I’ve been on numerous calls with our customers explaining the issue and apologizing, telling them how it will never happen again. But over and over again, our customers have thanked us for staying true to our values and being very clear in the heat of the moment that security is more important than anything, and the trusted safety of their data is job one.

For Salesforce, transparency and trust go hand-in-hand

Bill: How important is transparency to building trust with customers?

Parker: Again, that’s where you have to stay true to your values. Even if you think, “Oh, maybe it’s going to be okay,” guide yourself by your values, not by some gut instinct. Our values, again, we’re about security.

Then about transparency. Transparency’s so important. We were the first enterprise company to put up our availability and our security on a public website called We put all of our information out there. Sometimes it’s hard. Sometimes we don’t know everything about an issue. So we’re doing our best to get that information out to our customers.

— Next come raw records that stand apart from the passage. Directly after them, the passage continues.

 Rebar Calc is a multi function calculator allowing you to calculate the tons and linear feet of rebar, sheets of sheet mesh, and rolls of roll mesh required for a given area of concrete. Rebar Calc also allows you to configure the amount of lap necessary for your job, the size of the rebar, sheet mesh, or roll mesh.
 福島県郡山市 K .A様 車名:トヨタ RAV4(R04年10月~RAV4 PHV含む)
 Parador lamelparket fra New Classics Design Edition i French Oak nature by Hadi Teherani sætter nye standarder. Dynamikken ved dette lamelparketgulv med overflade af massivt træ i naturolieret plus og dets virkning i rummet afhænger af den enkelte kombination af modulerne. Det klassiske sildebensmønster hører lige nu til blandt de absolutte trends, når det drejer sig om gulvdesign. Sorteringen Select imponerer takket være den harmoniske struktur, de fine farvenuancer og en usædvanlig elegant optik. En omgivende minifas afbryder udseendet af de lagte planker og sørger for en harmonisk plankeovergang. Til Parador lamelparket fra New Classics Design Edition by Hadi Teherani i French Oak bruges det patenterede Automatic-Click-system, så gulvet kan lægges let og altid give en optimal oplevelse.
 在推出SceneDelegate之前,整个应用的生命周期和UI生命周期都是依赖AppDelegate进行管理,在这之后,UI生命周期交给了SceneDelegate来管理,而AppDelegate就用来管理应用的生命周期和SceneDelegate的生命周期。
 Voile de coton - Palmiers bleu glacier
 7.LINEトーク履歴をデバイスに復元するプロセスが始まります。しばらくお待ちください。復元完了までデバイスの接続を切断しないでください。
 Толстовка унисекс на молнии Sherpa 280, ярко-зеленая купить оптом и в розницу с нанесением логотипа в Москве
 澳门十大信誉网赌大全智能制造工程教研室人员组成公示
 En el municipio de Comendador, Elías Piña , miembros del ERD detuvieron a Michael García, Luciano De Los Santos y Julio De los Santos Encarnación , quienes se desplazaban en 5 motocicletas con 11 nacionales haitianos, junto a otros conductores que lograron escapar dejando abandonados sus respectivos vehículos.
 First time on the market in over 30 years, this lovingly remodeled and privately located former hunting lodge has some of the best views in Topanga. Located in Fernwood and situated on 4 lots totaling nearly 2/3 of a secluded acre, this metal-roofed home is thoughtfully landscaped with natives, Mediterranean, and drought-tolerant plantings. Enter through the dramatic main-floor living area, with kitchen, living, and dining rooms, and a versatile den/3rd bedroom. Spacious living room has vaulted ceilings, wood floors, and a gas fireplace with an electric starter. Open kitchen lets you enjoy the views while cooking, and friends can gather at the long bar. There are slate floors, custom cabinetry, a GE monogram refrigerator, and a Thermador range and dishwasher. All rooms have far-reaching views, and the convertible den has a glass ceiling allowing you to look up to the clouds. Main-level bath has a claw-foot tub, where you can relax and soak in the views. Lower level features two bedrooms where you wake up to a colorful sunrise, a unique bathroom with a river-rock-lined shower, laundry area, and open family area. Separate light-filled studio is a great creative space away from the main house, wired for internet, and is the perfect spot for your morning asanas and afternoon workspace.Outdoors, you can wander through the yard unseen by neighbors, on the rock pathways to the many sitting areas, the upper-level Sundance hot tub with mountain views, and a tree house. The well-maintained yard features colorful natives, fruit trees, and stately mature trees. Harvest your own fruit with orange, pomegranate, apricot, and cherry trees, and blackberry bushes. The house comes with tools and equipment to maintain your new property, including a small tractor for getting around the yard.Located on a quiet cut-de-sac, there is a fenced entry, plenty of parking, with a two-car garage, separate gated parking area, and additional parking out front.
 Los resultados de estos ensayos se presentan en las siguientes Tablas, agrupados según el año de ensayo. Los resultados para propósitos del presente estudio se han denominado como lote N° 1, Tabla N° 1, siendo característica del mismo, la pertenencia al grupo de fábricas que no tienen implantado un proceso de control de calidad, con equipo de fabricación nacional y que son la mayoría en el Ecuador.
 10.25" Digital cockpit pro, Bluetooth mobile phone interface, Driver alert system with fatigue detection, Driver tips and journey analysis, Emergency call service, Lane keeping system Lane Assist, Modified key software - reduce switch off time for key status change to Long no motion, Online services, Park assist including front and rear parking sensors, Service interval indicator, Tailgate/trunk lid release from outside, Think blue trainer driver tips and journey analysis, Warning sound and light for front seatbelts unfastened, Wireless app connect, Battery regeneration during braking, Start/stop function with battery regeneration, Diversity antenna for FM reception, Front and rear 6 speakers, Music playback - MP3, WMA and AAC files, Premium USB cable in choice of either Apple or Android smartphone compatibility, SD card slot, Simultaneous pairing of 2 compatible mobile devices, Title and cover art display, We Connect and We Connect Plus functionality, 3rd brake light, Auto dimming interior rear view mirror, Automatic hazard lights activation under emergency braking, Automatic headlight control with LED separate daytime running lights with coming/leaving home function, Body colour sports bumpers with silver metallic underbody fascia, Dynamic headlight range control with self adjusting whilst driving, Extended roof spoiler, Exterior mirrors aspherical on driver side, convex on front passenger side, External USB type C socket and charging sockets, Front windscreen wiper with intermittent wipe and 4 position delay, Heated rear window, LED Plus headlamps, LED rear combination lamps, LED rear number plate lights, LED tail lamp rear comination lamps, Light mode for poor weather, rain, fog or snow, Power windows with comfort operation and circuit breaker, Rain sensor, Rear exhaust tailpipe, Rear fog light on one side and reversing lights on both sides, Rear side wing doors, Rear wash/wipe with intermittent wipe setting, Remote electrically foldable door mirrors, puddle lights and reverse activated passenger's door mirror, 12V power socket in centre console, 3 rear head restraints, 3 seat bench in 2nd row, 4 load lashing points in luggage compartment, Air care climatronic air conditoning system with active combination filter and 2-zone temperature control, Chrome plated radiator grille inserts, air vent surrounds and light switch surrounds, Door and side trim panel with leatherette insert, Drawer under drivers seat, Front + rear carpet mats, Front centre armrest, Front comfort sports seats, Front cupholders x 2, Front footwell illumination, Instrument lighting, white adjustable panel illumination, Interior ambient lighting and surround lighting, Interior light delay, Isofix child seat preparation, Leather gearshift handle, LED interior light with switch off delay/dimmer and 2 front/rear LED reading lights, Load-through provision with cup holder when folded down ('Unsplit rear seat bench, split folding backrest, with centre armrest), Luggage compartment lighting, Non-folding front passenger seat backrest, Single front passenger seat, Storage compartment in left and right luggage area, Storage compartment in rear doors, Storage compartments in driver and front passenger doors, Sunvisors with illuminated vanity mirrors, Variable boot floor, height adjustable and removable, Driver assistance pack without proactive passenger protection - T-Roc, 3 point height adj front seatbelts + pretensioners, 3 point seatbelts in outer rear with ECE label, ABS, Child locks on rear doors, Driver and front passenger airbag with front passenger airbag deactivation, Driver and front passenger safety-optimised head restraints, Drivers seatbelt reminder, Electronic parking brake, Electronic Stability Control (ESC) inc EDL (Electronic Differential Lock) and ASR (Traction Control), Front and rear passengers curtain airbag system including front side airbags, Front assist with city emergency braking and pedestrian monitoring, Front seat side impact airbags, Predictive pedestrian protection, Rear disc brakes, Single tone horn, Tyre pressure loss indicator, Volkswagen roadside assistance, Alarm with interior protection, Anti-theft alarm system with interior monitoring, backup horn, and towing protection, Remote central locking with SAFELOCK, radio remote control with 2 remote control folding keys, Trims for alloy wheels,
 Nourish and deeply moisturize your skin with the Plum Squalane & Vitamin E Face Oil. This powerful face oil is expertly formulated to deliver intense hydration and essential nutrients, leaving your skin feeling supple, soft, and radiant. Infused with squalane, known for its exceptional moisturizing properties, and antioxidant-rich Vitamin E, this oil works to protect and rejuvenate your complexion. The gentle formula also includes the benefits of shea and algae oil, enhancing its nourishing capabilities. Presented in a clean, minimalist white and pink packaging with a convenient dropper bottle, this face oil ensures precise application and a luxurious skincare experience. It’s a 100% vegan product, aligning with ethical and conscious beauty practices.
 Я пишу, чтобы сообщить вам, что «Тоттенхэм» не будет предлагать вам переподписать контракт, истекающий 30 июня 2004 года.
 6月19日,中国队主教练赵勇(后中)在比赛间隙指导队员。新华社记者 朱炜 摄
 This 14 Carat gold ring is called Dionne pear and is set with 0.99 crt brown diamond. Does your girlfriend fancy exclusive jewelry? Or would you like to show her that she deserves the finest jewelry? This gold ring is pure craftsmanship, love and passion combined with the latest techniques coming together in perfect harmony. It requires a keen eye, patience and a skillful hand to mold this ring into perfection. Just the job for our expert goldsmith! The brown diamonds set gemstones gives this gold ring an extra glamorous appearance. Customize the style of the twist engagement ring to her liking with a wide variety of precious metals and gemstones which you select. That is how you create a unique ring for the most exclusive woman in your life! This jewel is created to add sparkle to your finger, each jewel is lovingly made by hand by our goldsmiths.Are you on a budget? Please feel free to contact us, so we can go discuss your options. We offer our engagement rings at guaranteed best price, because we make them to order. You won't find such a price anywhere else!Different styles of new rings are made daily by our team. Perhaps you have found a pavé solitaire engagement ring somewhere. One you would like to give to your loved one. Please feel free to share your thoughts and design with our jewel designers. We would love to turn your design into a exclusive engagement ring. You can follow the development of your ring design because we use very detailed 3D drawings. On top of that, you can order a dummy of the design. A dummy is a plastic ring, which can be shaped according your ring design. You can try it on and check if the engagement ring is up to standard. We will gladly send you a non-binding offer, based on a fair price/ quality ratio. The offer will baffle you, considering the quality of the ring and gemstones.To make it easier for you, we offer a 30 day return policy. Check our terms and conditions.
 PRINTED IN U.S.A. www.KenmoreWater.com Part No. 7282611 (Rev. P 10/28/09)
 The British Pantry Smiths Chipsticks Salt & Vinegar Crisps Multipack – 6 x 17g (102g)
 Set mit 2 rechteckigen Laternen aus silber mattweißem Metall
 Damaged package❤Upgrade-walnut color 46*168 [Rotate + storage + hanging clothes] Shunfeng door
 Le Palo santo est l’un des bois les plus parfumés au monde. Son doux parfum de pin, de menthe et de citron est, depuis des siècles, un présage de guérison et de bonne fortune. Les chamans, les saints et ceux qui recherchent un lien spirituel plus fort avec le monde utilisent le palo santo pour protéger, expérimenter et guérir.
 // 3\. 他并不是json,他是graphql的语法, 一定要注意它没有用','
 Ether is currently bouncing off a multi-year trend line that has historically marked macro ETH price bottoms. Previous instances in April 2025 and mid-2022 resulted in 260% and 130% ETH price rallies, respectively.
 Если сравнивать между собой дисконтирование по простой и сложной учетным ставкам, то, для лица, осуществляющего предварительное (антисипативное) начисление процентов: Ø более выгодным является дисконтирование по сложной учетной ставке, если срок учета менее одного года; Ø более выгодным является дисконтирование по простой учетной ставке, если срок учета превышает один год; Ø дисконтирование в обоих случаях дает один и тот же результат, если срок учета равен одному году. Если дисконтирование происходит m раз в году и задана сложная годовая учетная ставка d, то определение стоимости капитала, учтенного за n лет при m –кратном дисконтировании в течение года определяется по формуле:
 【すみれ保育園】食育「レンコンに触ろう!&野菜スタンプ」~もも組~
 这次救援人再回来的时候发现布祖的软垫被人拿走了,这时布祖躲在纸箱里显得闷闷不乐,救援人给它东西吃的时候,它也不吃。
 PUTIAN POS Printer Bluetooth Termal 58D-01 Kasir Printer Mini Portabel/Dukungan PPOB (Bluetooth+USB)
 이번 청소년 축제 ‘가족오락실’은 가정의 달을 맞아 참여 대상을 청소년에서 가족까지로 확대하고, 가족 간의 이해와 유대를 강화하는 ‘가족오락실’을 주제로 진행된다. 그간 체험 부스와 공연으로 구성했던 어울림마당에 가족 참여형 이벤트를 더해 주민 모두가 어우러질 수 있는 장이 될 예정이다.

Our customers get frustrated, sometimes. They say, “I want more information. I want it faster.” But it’s that dialog that’s important. It’s important to get as much information as you can out to be as transparent as possible and to have as many direct conversations with your customers because they need you. They are relying on you. And in the cloud especially, they’re saying, “I’m relying on you to run my service, to secure it, to make it available, to make it fast.” You need to have that trusted relationship. Again, trust is number one. Security, availability, but also transparency.